Oleh : Iis Safuroh, M.Pd.I*
Ada anak kelas 3 SD yang awalnya tidak suka menulis. Alasannya klasik, "Malas Bu, capek". Tiga bulan kemudian, tulisannya justru masuk ke dalam satu buku antologi bersama 20 teman lainnya. Apa yang berubah? Kami hanya membalik urutannya. Membaca 8 kali, menuliskannya 1 kali.
Sebagai mentor menulis buku di SD Islam Terpadu I Hartaco Makassar, saya menyaksikan sendiri bagaimana prinsip sederhana "Menulis = 8x Membaca" bisa menyalakan minat literasi anak usia 7-9 tahun.
Spektrum 4-9 Tahun Butuh Cara yang Berbeda
Anak usia dini hingga SD awal ada di satu spektrum literasi, tapi tidak bisa disamakan caranya. Anak TK B usia 5 tahun belajar huruf terbaik lewat pasir, lagu, dan tepuk tangan. Sementara anak kelas 3 usia 9 tahun sudah bisa menyusun cerita 3 paragraf.
Inilah yang saya sebut metodik khusus. Kesalahan terbesar adalah memaksa anak TK duduk diam mengisi LKS seperti anak SD. Hasilnya? Anak trauma duluan sebelum bisa membaca. Kuncinya satu: buat huruf jadi teman main, bukan musuh di papan tulis.
Panca Cinta, Kompas agar Literasi Tidak Kosong
Di Hartaco kami memakai Kurikulum Berbasis Panca Cinta sebagai jiwa dari setiap kegiatan menulis. Ada 5 cinta: Cinta Tuhan, Cinta Diri, Cinta Keluarga, Cinta Sesama, dan Cinta Alam serta Bangsa.

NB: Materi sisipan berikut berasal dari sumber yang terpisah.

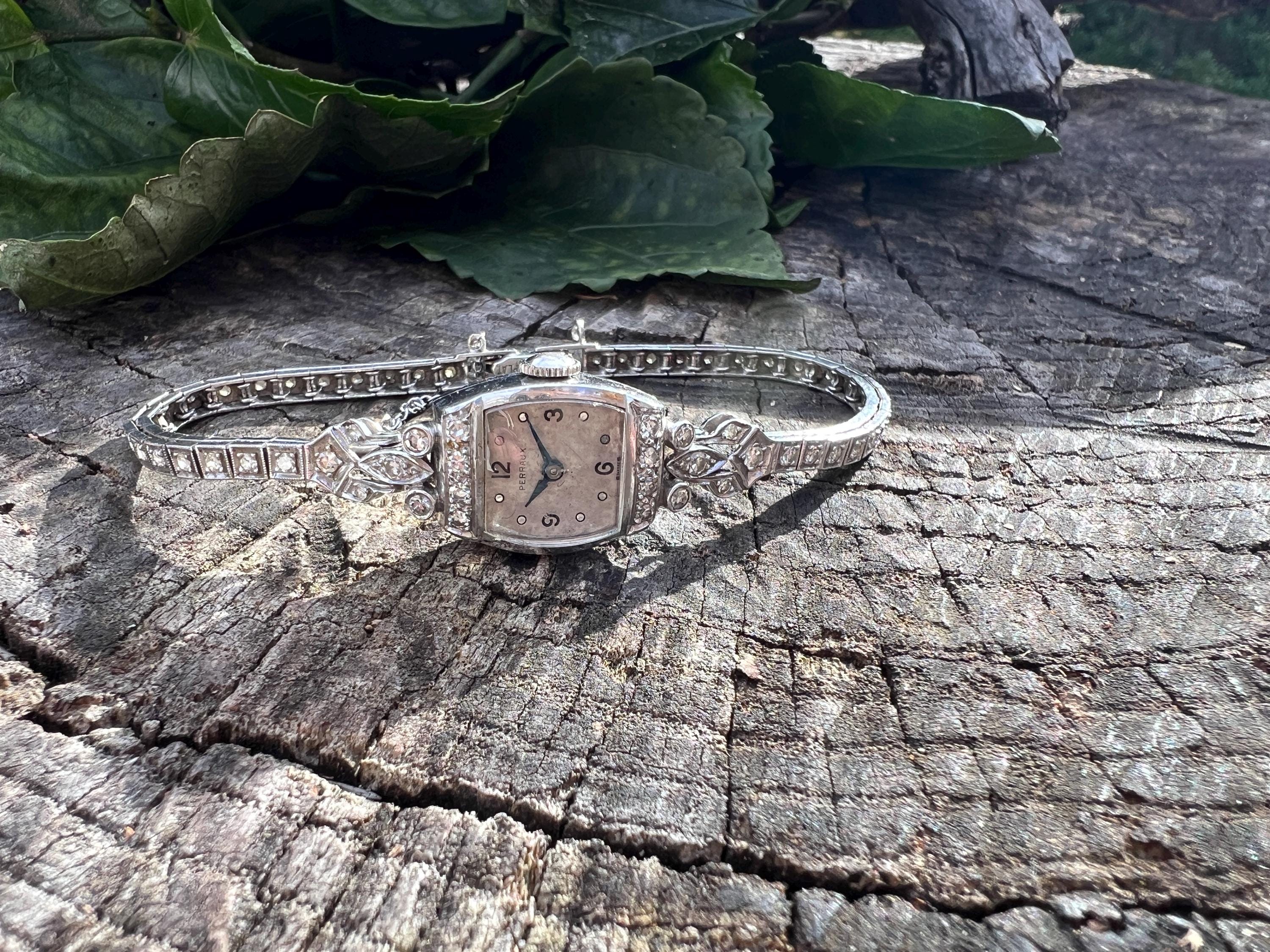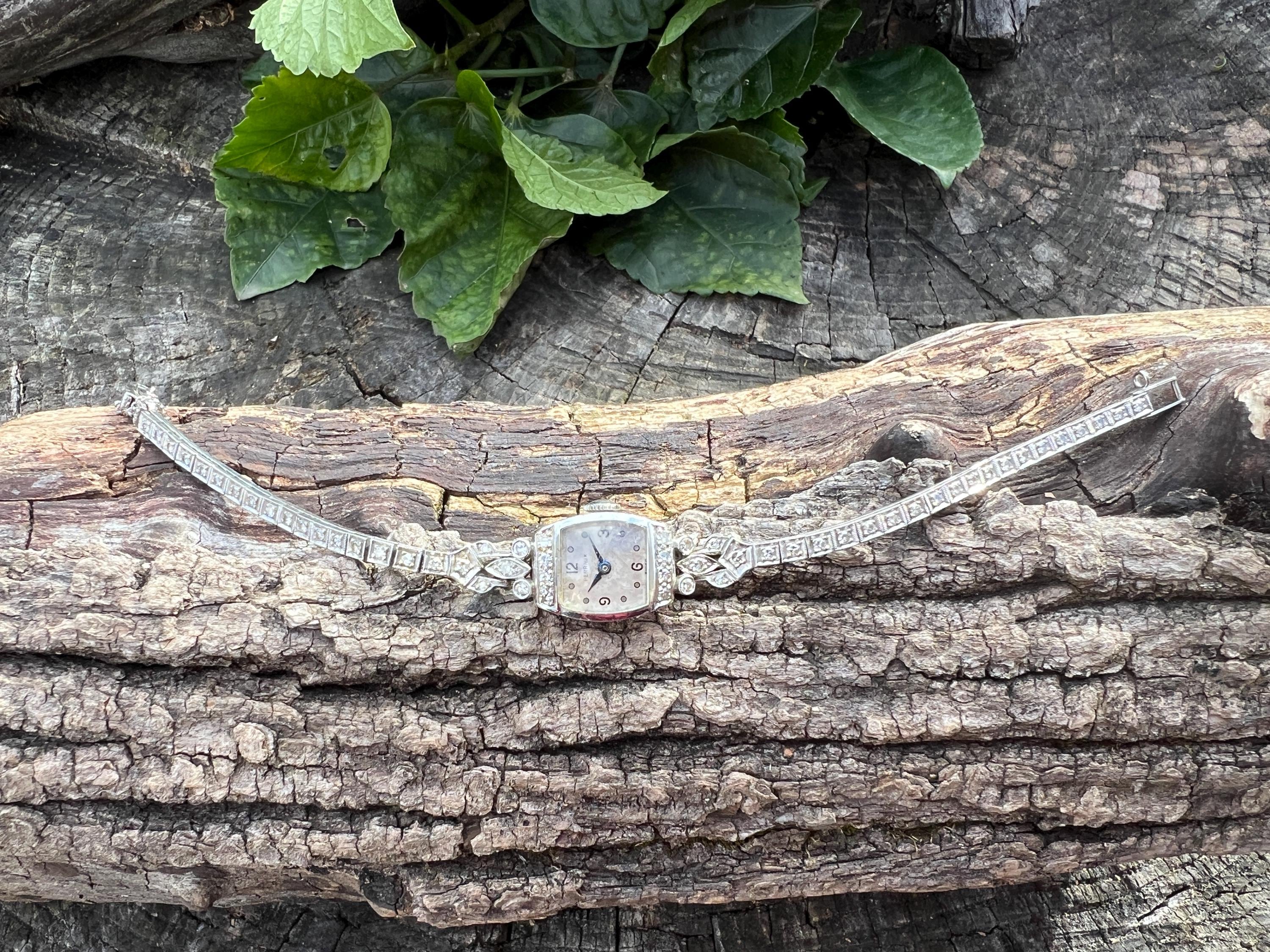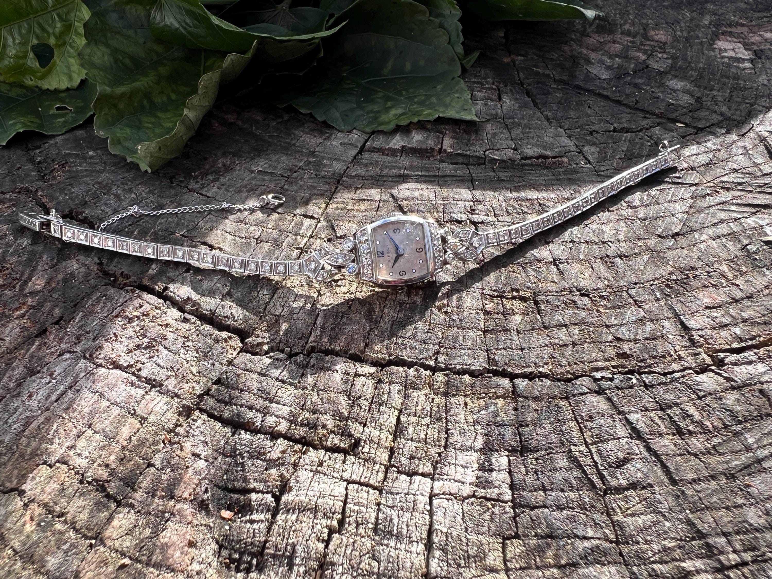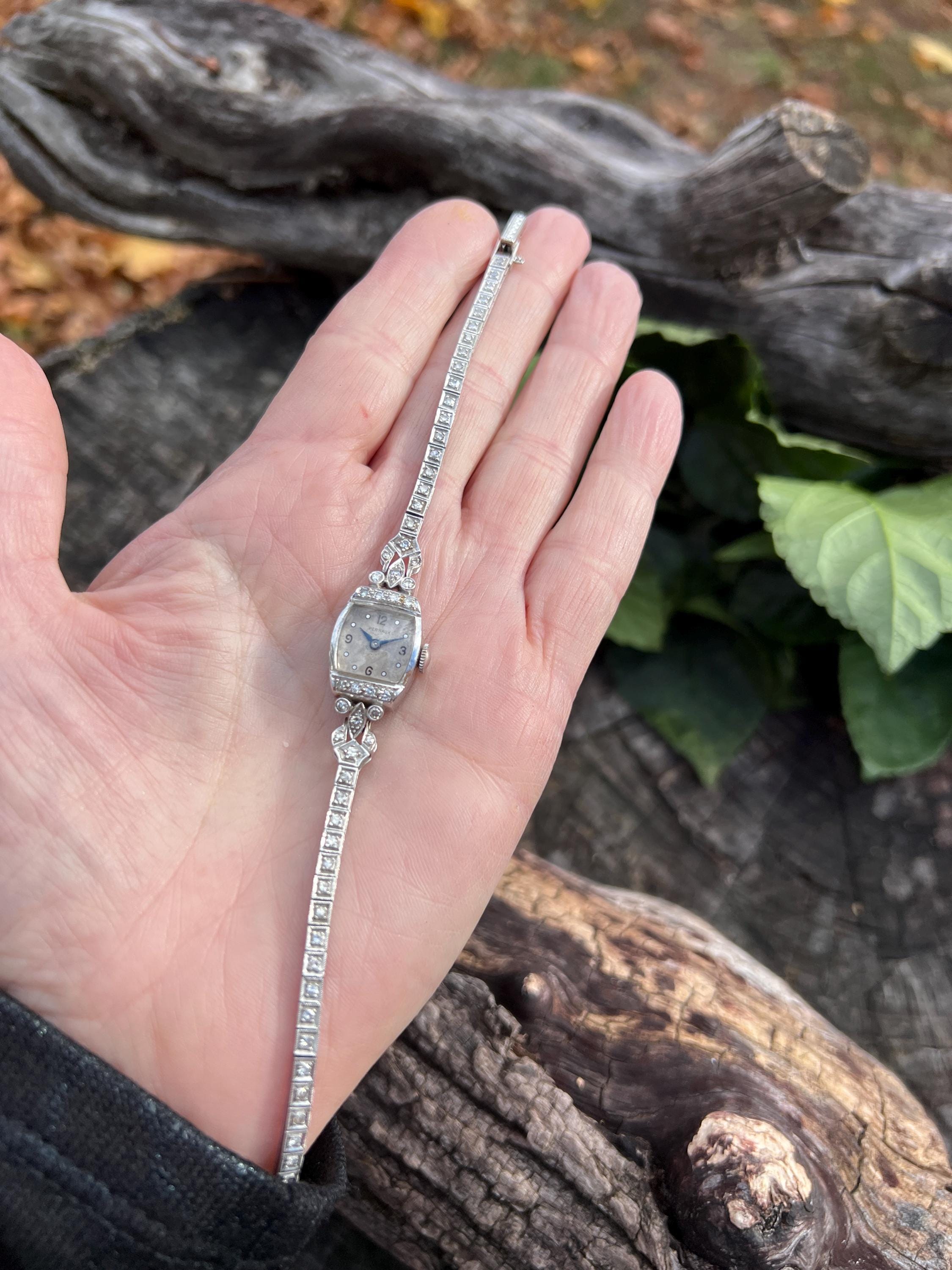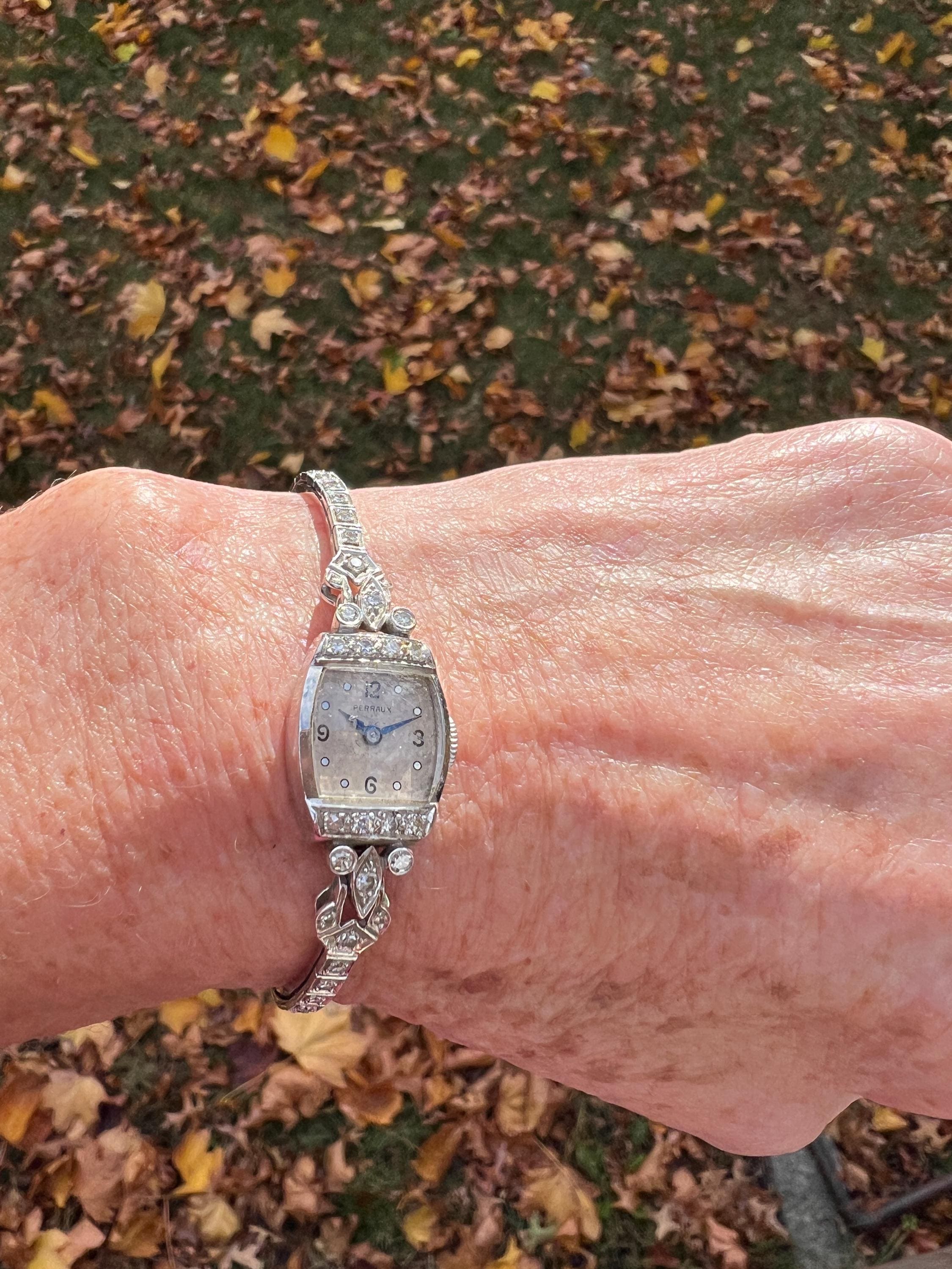 This impassioned art deco diamond watch is set in platinum. It dates from the 1920’s. Its alluring glamorous appeal is generously decorated with approx. 1.00 ct of lively round diamonds adding to its magnetism. The rectangular face is attached to a diamond studded band for maximum bling. The color of the diamonds are all H and the clarity is VS2. The allure is that it is much more than a timepiece. The watch measures 7 1/8”. The face measures 1/2" x 11/16". The bracelet width is 1/8". It weighs 21.99 grams. It is engraved on the back - MP and 12-25-52. The brand of watch is Perraux. The watch is in excellent working order.

Saat anak diminta menulis tentang "Air", kami tidak berhenti di ejaan A-I-R. Anak TK belajar bersyukur karena air minum adalah titipan Tuhan. Anak kelas 3 menulis esai "Mengapa Harus Hemat Air" untuk lomba sekolah. Literasi jadi punya arah. Anak tidak hanya melek huruf, tapi juga melek hati. Tanpa nilai, anak bisa jadi pandai membaca, tapi malas peduli.

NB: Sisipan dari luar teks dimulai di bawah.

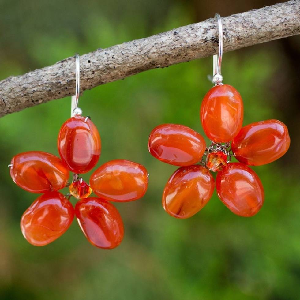 Handcrafted Floral Carnelian Earrings 'Mystic Daisy' Item ID: 2671802970
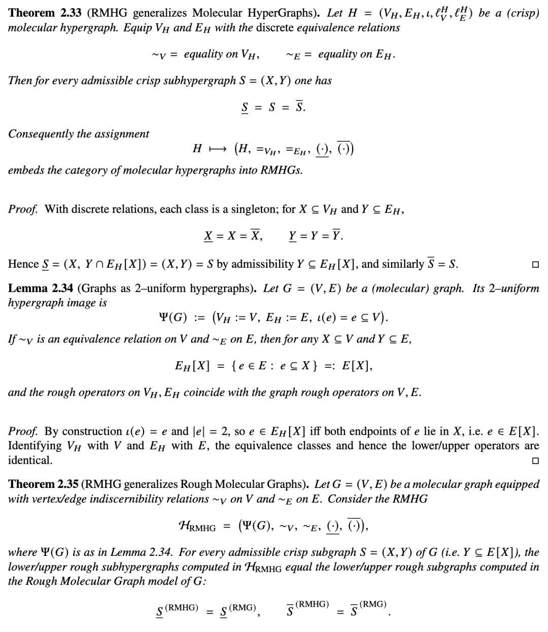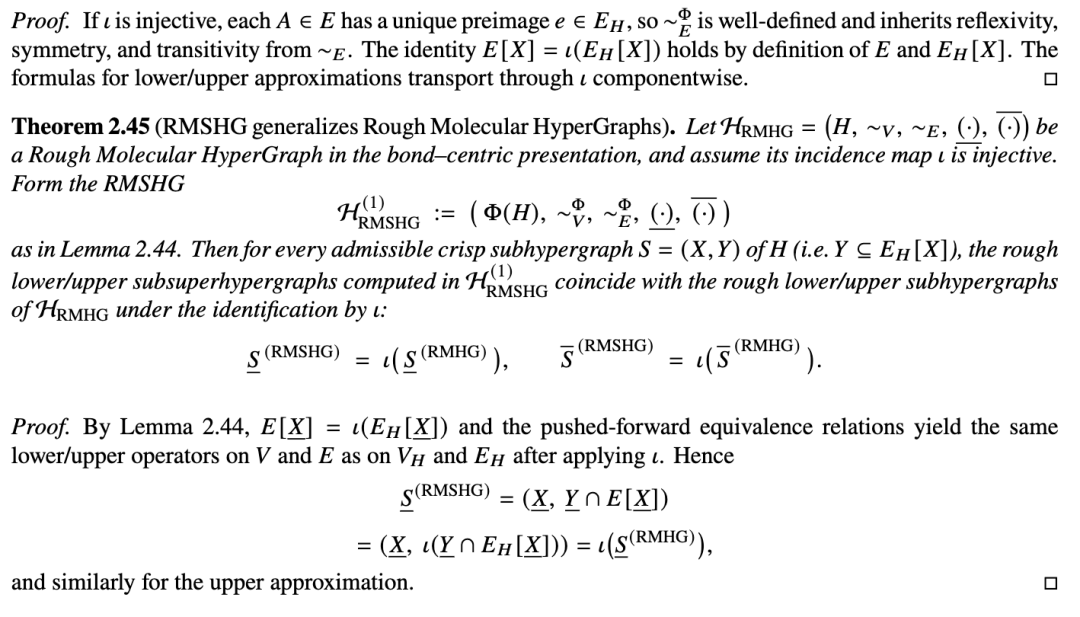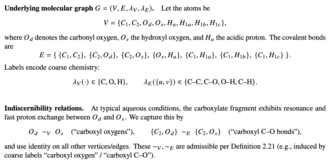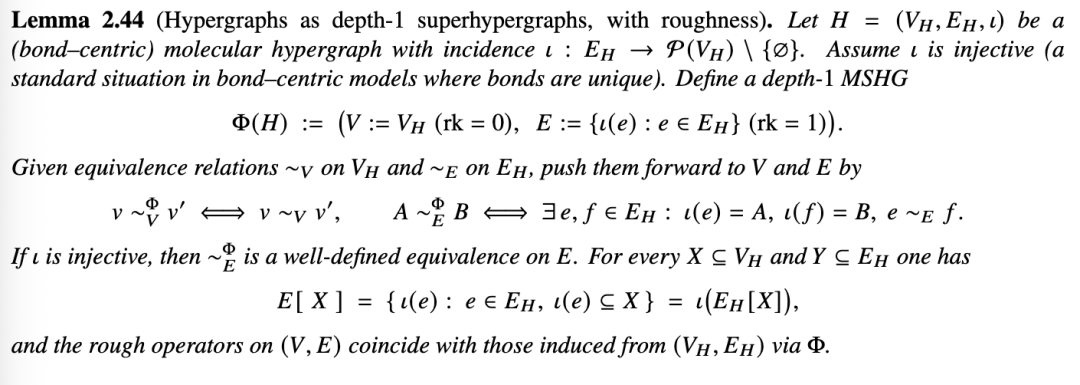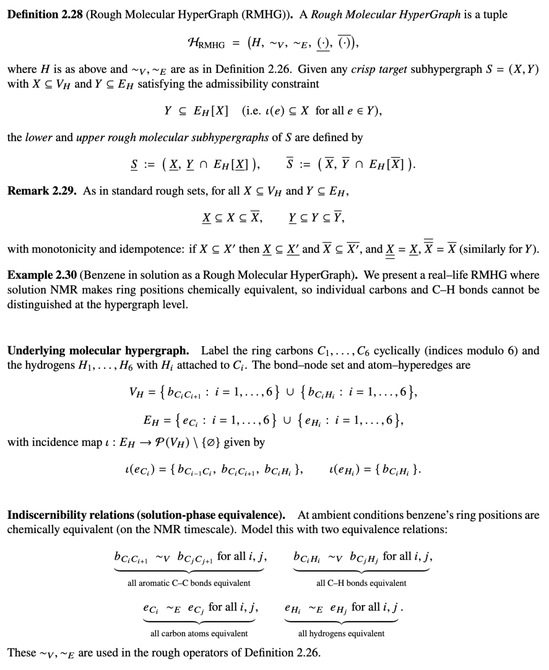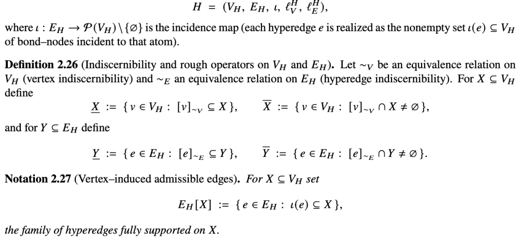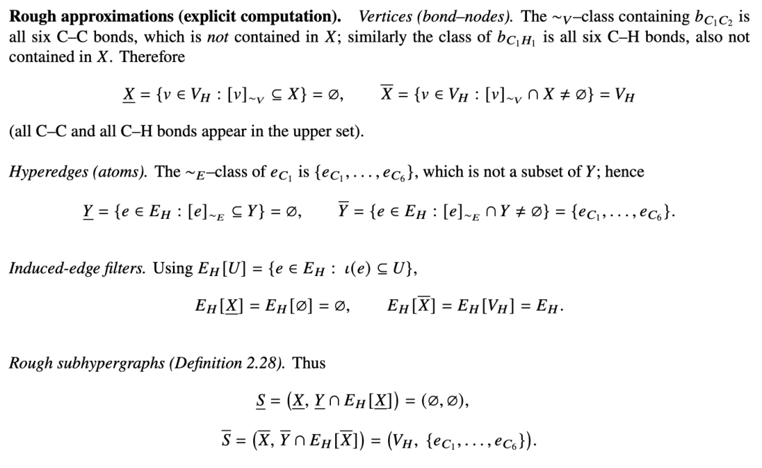 我们将粗糙近似提升到分子超图层面,允许在键(在以键为中心的表述中即为超图顶点)和原子(即超边)上存在不可分辨性。全文中,我们基于一个固定的分子超图

Bukti dari Kelas, Kartu Jejak Kata dan Para Penulis Cilik
Lalu bagaimana membuktikan bahwa menulis memang lebih kuat dari membaca? Kami memakai alat sederhana. Kartu Jejak Kata. Aturannya mudah. Anak membaca 8 kartu bergambar, lalu menulis 1 kalimat dari kartu pilihannya.

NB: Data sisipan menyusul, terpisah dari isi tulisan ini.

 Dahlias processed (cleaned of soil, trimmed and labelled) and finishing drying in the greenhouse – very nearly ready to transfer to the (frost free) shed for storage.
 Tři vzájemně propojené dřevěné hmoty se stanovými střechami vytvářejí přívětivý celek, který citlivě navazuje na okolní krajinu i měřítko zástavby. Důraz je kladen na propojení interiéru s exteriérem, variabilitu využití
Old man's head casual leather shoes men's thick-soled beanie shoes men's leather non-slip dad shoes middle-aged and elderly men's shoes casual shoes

Pengalaman ini kami bawa saat mendampingi 21 penulis cilik SD I Hartaco menerbitkan buku antologi cerpen. Awalnya mereka takut. "Saya tidak bisa nulis, Bu". Kami mulai dari 8 kartu tentang "Keluargaku". Setelah membaca 8 kartu, mereka hanya diminta menulis 1 kalimat tentang Ibu atau Ayah atau pengalaman indahnya yang dekat dengan kegiatan sehari-hari mereka Dari 1 kalimat itu, lahirlah 1 paragraf. Dari 1 paragraf, lahirlah 1 cerita utuh.
Tiga bulan kemudian, 21 anak itu memegang karyanya sendiri. Mereka belajar menulis secara online. Tentu dukungan orang tua pada spektrum anak usia SD menjadi peranan penting juga. Saat itu saya paham, anak tidak perlu disuruh menulis 10 halaman. Anak hanya harus dimotivasi merasakan bahwa 1 tulisan tangannya lebih kuat setara dengan mereka membaca dan menghafal sebagai landasan teori menulis.
Semangat anak-anak Hartaco Indah dari Makassar menunjukkan harapan. Tantangan literasi bukan pada kurangnya buku, tapi pada cara kita mengantar anak ke buku itu.
Dengan metodik yang ramah anak, nilai Panca Cinta sebagai kompas, dan bukti nyata dari para penulis cilik, kita bisa. Karena sebuah bangsa besar lahir dari anak-anak yang berani menuliskan ceritanya sendiri.
Cianjur, 7 Juli 2026
*Penulis sudah menerbitkan 17 buku solo dan 45 antologi. Mentor Menulis Buku Anak dan Praktisi RA dan PAUD di Cianjur. Pernah mendampingi MTs Tanwiriyyah membuat karya buku antologi dan SD I Hartaco Indah Makassar menerbitkan buku antologi cerpen karya siswa.
*Juara 1 Karya Tulis Nyata Kab.Cianjur Meraih PGM Indonesia Award Cianjur 2025.